[Python-Dev] Silly little benchmark
Skip Montanaro
skip@pobox.com (Skip Montanaro)
Wed, 11 Jul 2001 01:24:32 -0500
Tim> [Skip Montanaro]
>> Real time doesn't mean much on an operating system that can
>> juggle multiple tasks, no matter how quiescent you try to make it.
Tim> If this made any difference in the results I reported, they
Tim> wouldn't have been reproducible to nearly 3 significant digits.
Tim> That's why I printed the times for 3 runs of each -- you can trust
Tim> that I know what I'm doing here.
I wasn't suggesting you weren't trustworthy. On a Linux system, wall clock
time doesn't mean much when timing processes. I have no control over when
sendmail or any of a number of other daemons might wake up to process
something. Hence, for my purposes in my environment, user mode time (or
user+sys when sys > 0) are more useful than elapsed time (does Windows even
distinguish between user and system time?). That time.clock means different
things on Windows and Unix-like systems bothers me a bit. (It would bother
me more if I had to write timing code that was portable across both Unix and
Windows.) But that, as they say, is a something left for another time.

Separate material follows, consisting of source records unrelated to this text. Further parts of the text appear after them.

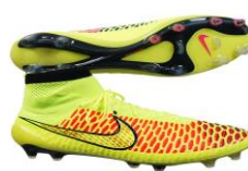
サッカーシューズ
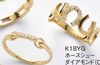
K18YG ホースシュー ダイヤモンド(0.07ct) ¥70,840(税込)
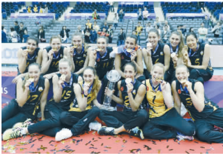
女排世俱杯:土耳其瓦基弗银行夺冠

1945年4月,美军占领冲绳。1972年5月15日,冲绳的施政权被正式交还给日本政府。
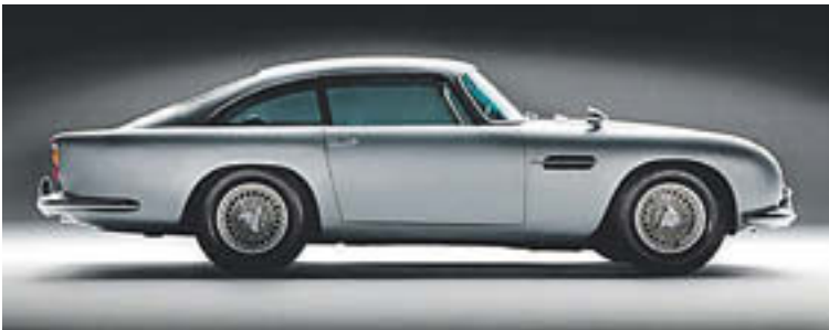
El mític Aston Martin de la sèrie de pel·lícules de James Bond
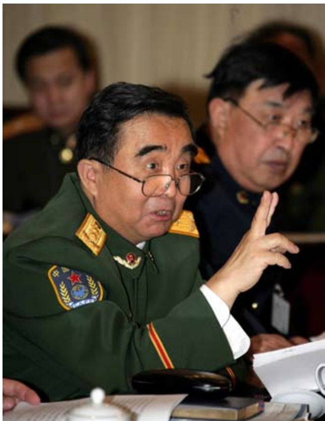
全国人大内司委委员、人民武装警察部队副司令员朱曙光在人代会上发言

朱曙光：武警部队的基本职能是维护国家安全和社会稳定，保障人民群众安居乐业。近年来，武警部队在维护社会稳定方面的任务越来越重，用兵频率越来越高，情况处置难度越来越大，涉法性也越来越强。在国家现行法律中，虽然对武警部队执行安全保卫任务也有规定，但比较零散，缺乏完整性和可操作性。因此，武警部队在实践中出现了一些难以解决的问题：一是由于武警官兵在执行任务中行使部分职权没有法律明确授权，不仅在采取一些措施时容易“授人以柄”，而且经常发生公民和组织对武警部队执行任务的合法性提出质疑和不支持、不协助甚至责难的情形。二是少数武警官兵在正确履行职责的情况下，因部队内部规定在地方不适用而被法律追诉。三是有的目标单位、政府机关超任务范围用兵的情况还确实存在。四是武警部队有关执勤、处突、反恐行动和生活等保障在有些
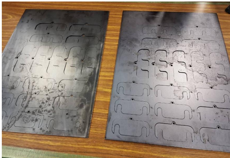
図2. 製作していただいたアライメント調整用シム
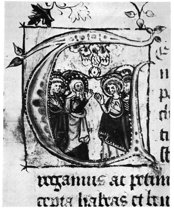
PL. XIII. — Miniatures du « Missale ad usum Gebennensem », XV e siècle. Bibliothèque publique, Genève.
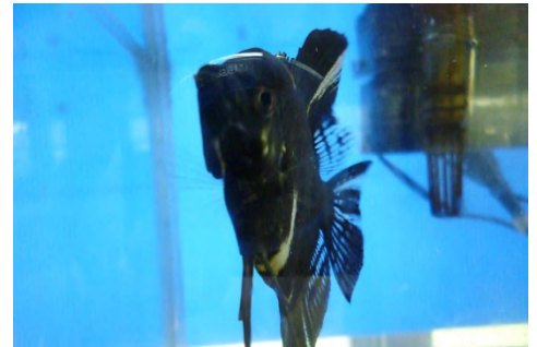
[ エンゼルフィッシュ ]

Tim> The other thing Jeremy has noted before: string+string is slower
Tim> than it used to be, because BINARY_ADD now tries oodles of
Tim> "sophisticated" ways to coerce the operands to numbers before
Tim> considering it might be asking for a sequence catenation instead.
Tim> Given that the benchmark pastes together two 1-character strings,
Tim> this overhead is overwhelming compared to the concatenation work.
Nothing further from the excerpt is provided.